*** Opening Provided material ***

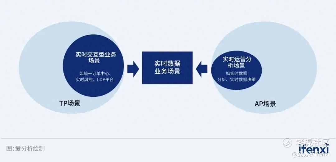 按照消费端的数据处理模式,实时数据业务场景包含TP场景下的实时交互型业务场景和AP场景下的实时运营分析场景。
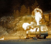 L’événement de l’instant, dilaté, diffracté. Seven Minutes Before est un film emblématique de l’œuvre de Melik Ohanian. Sept écrans en enfilade restituent chacun l’approche en temps réel de sept caméras en mouvement vers un point d’impact unique. Sept points de vue disjoints pour la mise en tension d’une même surprenante action: l’explosion d’un camping-car quelque part dans le Vercors. Mais ce quelque part pourrait être ailleurs : ce décor de montagne générique et la bande son de chacun des sept plans-séquence nous emmènent effectivement ailleurs. En Arménie avec un joueur de kamantcha, au Japon avec une joueuse de koto, auprès d’une enfant jouant au bord de la rivière kwanza en Angola... On est bien dans la même région, partageant une même attente qui se résoudra en une unique explosion, mais les points de vue sont tous différents et tous porteurs d’autres lieux, tous mouvants. Ainsi, le temps qui se dilate sur les 17 minutes qui précèdent l’événement est lourd d’une diffraction de l’espace qui induit aussi une diffraction des récits et qui suggère par conséquent l’idée d’une diffraction du temps lui-même.
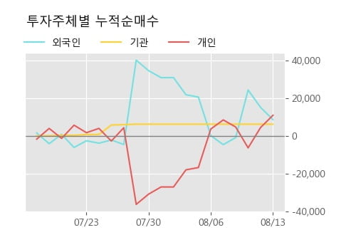 지난 한달을 기준으로 보면 외국인이 8,552주를 순매수했고, 기관도 6,159주를 순매수했다. 개인들 또한 1.1만주를 사들인 것으로 집계됐다. 같은 기간 이 종목의 거래비중은 외국인과 개인이 각각 10.2%, 88.6%로 비중이 높다.

*** Closing Provided material ***

Task instructions – Pictures should not appear in the copy. Write out exactly the lines above from the first one through the line that contains "L’événement de l’instant, dilaté, diffracté.".

Task response –
 按照消费端的数据处理模式,实时数据业务场景包含TP场景下的实时交互型业务场景和AP场景下的实时运营分析场景。
 L’événement de l’instant, dilaté, diffracté. Seven Minutes Before est un film emblématique de l’œuvre de Melik Ohanian. Sept écrans en enfilade restituent chacun l’approche en temps réel de sept caméras en mouvement vers un point d’impact unique. Sept points de vue disjoints pour la mise en tension d’une même surprenante action: l’explosion d’un camping-car quelque part dans le Vercors. Mais ce quelque part pourrait être ailleurs : ce décor de montagne générique et la bande son de chacun des sept plans-séquence nous emmènent effectivement ailleurs. En Arménie avec un joueur de kamantcha, au Japon avec une joueuse de koto, auprès d’une enfant jouant au bord de la rivière kwanza en Angola... On est bien dans la même région, partageant une même attente qui se résoudra en une unique explosion, mais les points de vue sont tous différents et tous porteurs d’autres lieux, tous mouvants. Ainsi, le temps qui se dilate sur les 17 minutes qui précèdent l’événement est lourd d’une diffraction de l’espace qui induit aussi une diffraction des récits et qui suggère par conséquent l’idée d’une diffraction du temps lui-même.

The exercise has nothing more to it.